Лица мало изменились, манеры не изменились совсем, – вот, кажется, и все, что осталось от прежних друзей. Неподвластное времени достоинство, неизменная обходительность и галантность были и останутся навсегда их неотъемлемыми чертами, их сутью, но до самой могилы в них будет жить неугасающая горечь, слишком глубокая, не поддающаяся описанию. Это были учтивые, усталые, озлобленные люди, пережившие поражение, но так и не познавшие его, сломленные, но с гордо распрямленными плечами. Разбитые и беззащитные жители завоеванных территорий, они смотрели на свой любимый край, растоптанный врагом, и видели, как проходимцы глумятся над законами, как бывшие рабы превращаются в живую угрозу, как мужчины лишаются гражданских прав, а женщины подвергаются оскорблениям. И они ни на минуту не забывали о павших.

Все в их старом мире изменилось, лишь его формы остались прежними. Все понимали, что старые традиции нужно сохранять, ибо больше от прежней жизни ничего не осталось. Все крепко держались за хорошо известные и любимые старые обычаи: за церемонную учтивость, обходительность, очаровательную непосредственность человеческого общения и прежде всего за традиционную роль мужчины, защищающего женщин. Верные традициям, в которых они были воспитаны, учтивые и чуткие мужчины почти преуспели в своей попытке создать атмосферу защищенности и уберечь своих женщин от тревог и невзгод. По мнению Скарлетт, это был верх нелепости: ведь за последние пять лет даже женщины, ведущие чуть ли не монашеский образ жизни, и те уже повидали почти все. Они выхаживали раненых, закрывали глаза умерших, пережили войну, пожар и разорение, познали страх, бегство и голод.

Но чего бы ни повидали их глаза, какой бы грязной работой им ни приходилось и еще придется заниматься, они остались прежними леди и джентльменами, особами королевской крови в изгнании.
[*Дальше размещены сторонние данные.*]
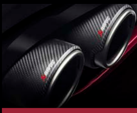
Titanový výfukový systém Akrapovič (NEC)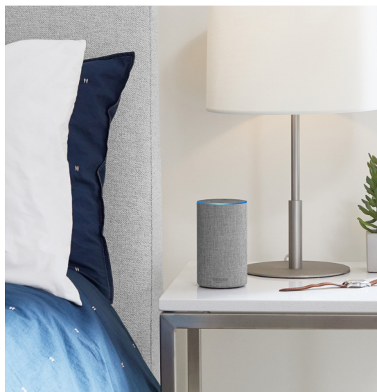
Le grand haut-parleur à commande vocale Amazon Echo

Les centraux de taxis fms identifient la commande placée avec Amazon Echo comme commande via l'application. Actuellement, Amazon Echo est lancée en Allemagne et en Autriche. Successivement, l'offre sera déployée à travers toute l'Europe.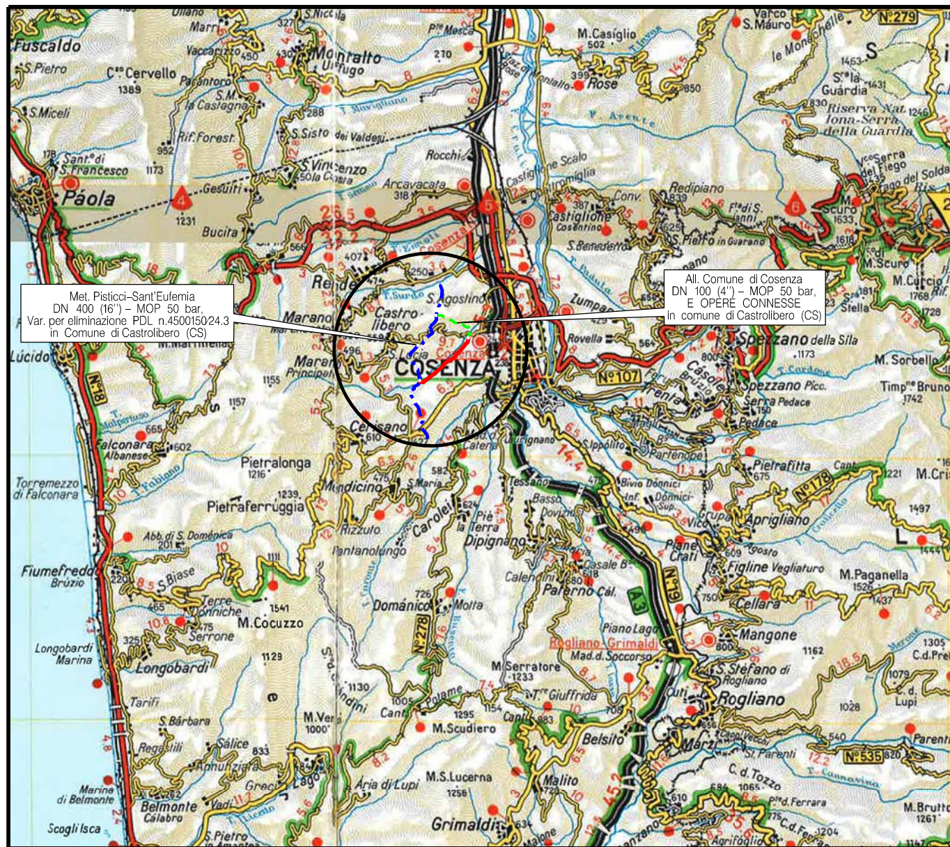
COROGRAFIA Scala 1:200.000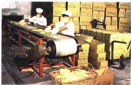
▲市面粉制品厂生产线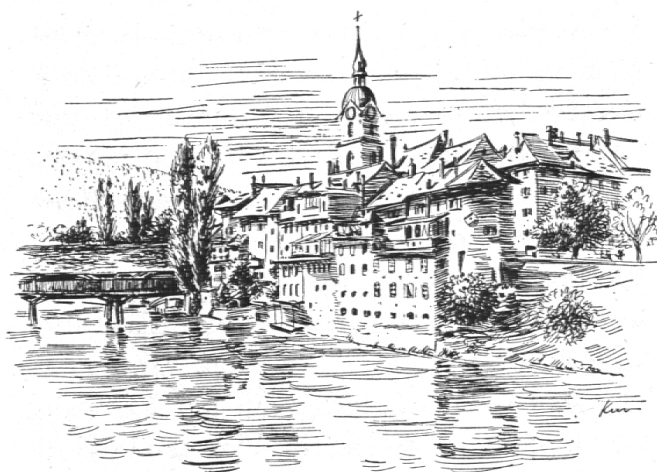
Olten ist nicht nur ein Eisenbahnknotenpunkt und Industrieort, sondern ein reizendes altes Städtchen mit einer Holzbrücke und Ausgangspunkt herrlicher Jurawanderungen.

Form, die wir am besten mit einem Vogel vergleichen. Der Kopf liegt im weit abgelegenen Kienberg, der eine Flügel dehnt sich aus gegen Basel und die Burgundische Pforte, der andere gegen die bernische Kornkammer im Fraubrunneramt. Das Rückenmark wird gebildet von der Aare und der Dünnern mit ihren Seitenbächen. Die zähen Knochen sind wohl die markanten fünf Jurakämme, während die feineren Knöchel im Süden hinaus ragen ins bucheggbergische Hügelland oder im Norden zur Burgundischen Pforte. Die Grenzen sind unübersichtlich, Enklaven ragen sogar zur französischen Grenze hinaus. Bernische und basellandschaftliche Gebiete drängen im Birstal weit in natürliche Grenzzüge hinein, und auf der Südseite hat das bernische Bipperamt sogar bis zum Kamm der ersten Jurakette vordrängen können. So kann die Kantonshauptstadt auf Hauptstraße und Bahn von Osten her nur über fremdes Gebiet erreicht werden. Die Ursache dieser Zersplitterung liegt im Kampf um die Selbständigkeit der alten Stadtrepublik Solothurn. Die politischen Bauleute haben ein unfertiges, großangelegtes Gebäude aufgemauert, doch der Ausbau scheiterte am Widerspruch der starken, machtgerigen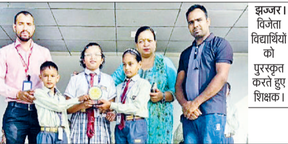
हरिभूमि न्यूज | झज्जर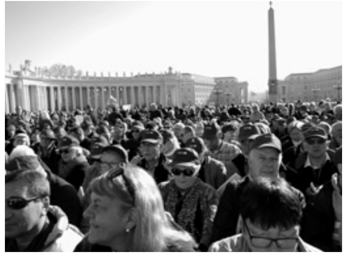
Papstaudiienz auf dem Petersplatz in Rom. 350 Chorsängerinnen und Chorsänger mit blauen Mützen sind weder zu übersehen noch zu überhören. Eine tolle Stimmung und ein einmaliges Erlebnis.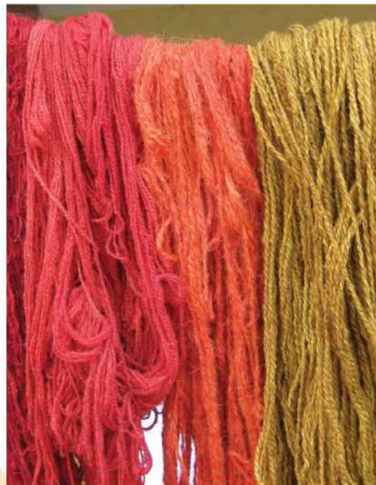
Colores obtenidos en lana, durante el taller del Encuentro.

Una vez conocidas las materias tintóreas disponibles en el área del proyecto, se realizará una colección de patrones de color que conforma la paleta que podrán manejar los tintoreros locales. Esta colección de patrones irá acompañada de los datos correspondientes al procedimiento de utilización y los productos auxiliares necesarios para fijar cada tinte.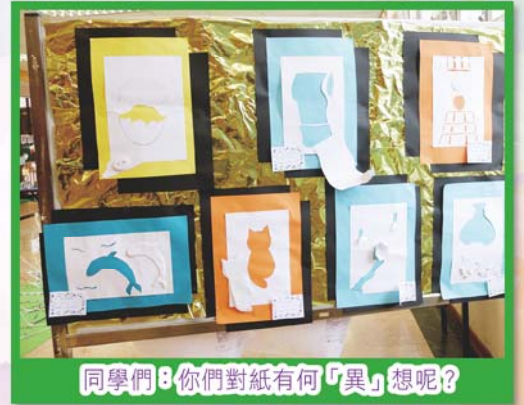
同學們：你們對紙有何「異」想呢？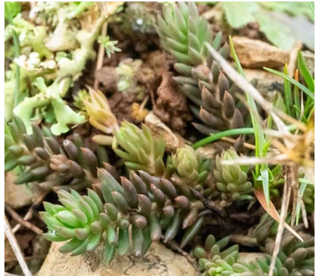
Petrosedum sediforme [TR]

Они познали горечь, отчуждение и безразличие, но сохранили прежнюю доброжелательность друг к другу, остались твердыми, как алмаз, столь же яркими и хрупкими, как хрусталь из разбитого канделябра, висевшего у них над головой. Старые времена прошли, но эти люди упорно продолжали жить, как и раньше: обворожительно неторопливые, твердо вознамерившиеся избегать суеты и спешки, не поддаваться – в отличие от янки – неприличной погоне за деньгами, не расставаться со своими старыми обычаями.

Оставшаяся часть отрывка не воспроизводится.